"Does Johnny have complete freedom in your camp?"

"Certainly!" exclaimed Diane warmly. "Johnny is old and faithful. He may do as he pleases."

Philip changed an angemic worm of considerable transparency for one of more interest to his river audience and smiled.

"Johnny," said he cheerfully, "has been good enough to invite me to stay in camp with him indefinitely. I'm his guest, in fact, until you go home. I imagine that as Johnny's guest I ought to enjoy immunity from sarcastic shafts, but I may be mistaken. I've washed and drained most of these worms. Will you lend me an inch or so of that stout invertebrate climbing out of the can by you?"

Thoroughly out of patience, Diane reeled in her line and returned to camp, whence she presently heard Philip blithely whistling a fisherman's hornpipe and urging Nero to retrieve certain sticks he had thrown into the river. A little later he caught a sunfish and swung into camp with such a smile of irresistible pride and good humor on his sun-browned face, that Diane laughed in spite of herself.
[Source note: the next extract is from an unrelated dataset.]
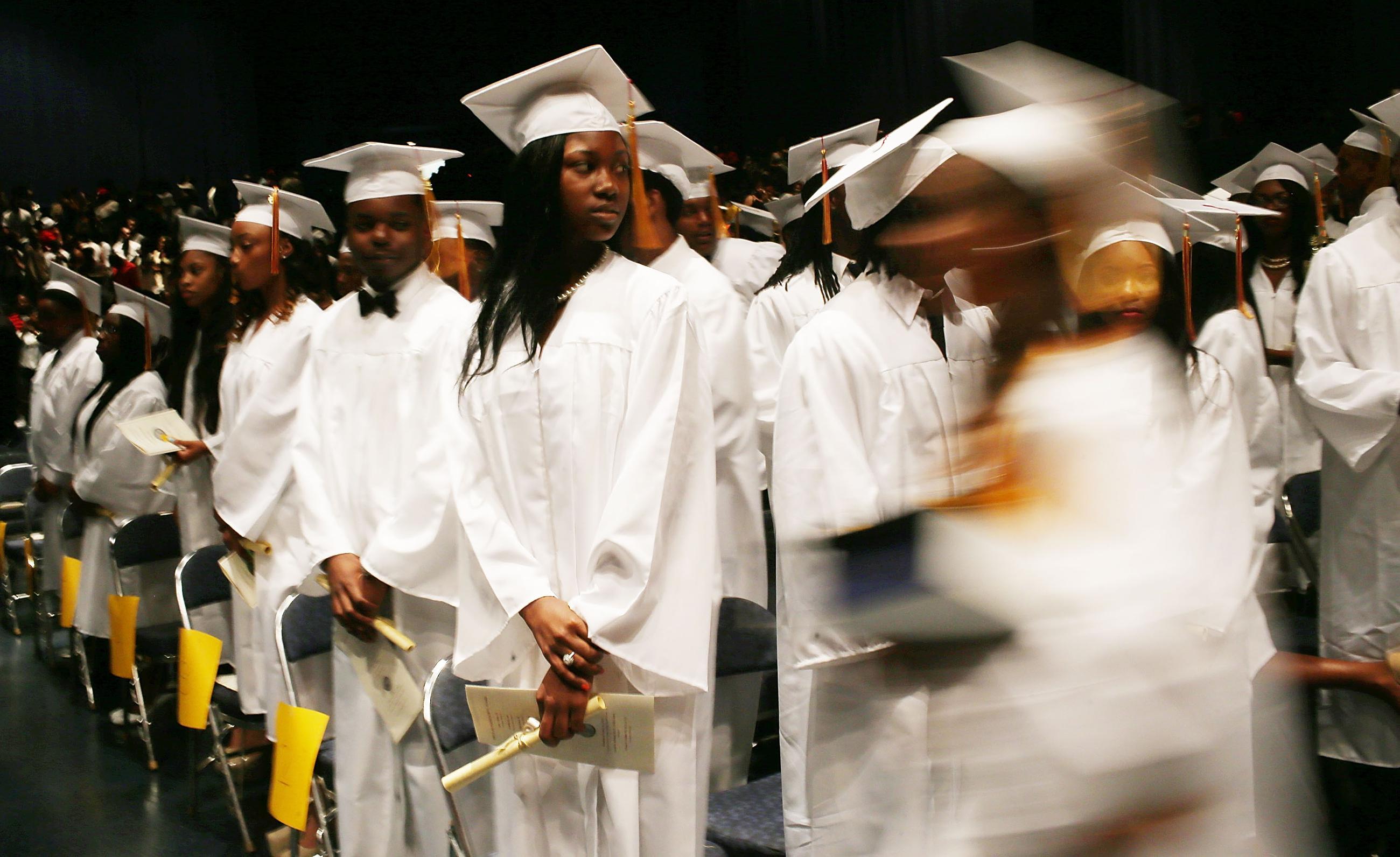 NEW ORLEANS, LA - MAY 14: McDonogh #35 Senior High School graduates stand at their commencement at the Ernest N. Morial Convention Center on May 14, 2015 in New Orleans, Louisiana. Thousands of Hurricane Katrina survivors attempted to use the convention center as a shelter of last resort in the days following the storm, yet it lacked power, water, food and medical supplies. McDonogh 35 was damaged by flooding from Hurricane Katrina and was the first high school for African-Americans in the state of Louisiana. It is one of the last remaining traditional public schools in the city. The tenth anniversary of Hurricane Katrina, which killed at least 1836 and is considered the costliest natural disaster in U.S. history, is August 29. (Photo by Mario Tama/Getty Images)

"How ridiculous it is!" she mused uncomfortably. "Here I may not depart for fear a happy-go-lucky young man will play a tin whistle on the steps of the van, and I will not go home. What in the world am I to do with him? Are you an orphan?" she asked with guileful curiosity.

"No," said Philip.

"I'm sorry," said Diane maliciously. "For then I could take out papers of adoption—"

"I'll stay without them," promised Philip. And Diane added wood to the fire with cheeks like the scarlet sunset.

"I'm going to send for my aunt," she announced a few days later.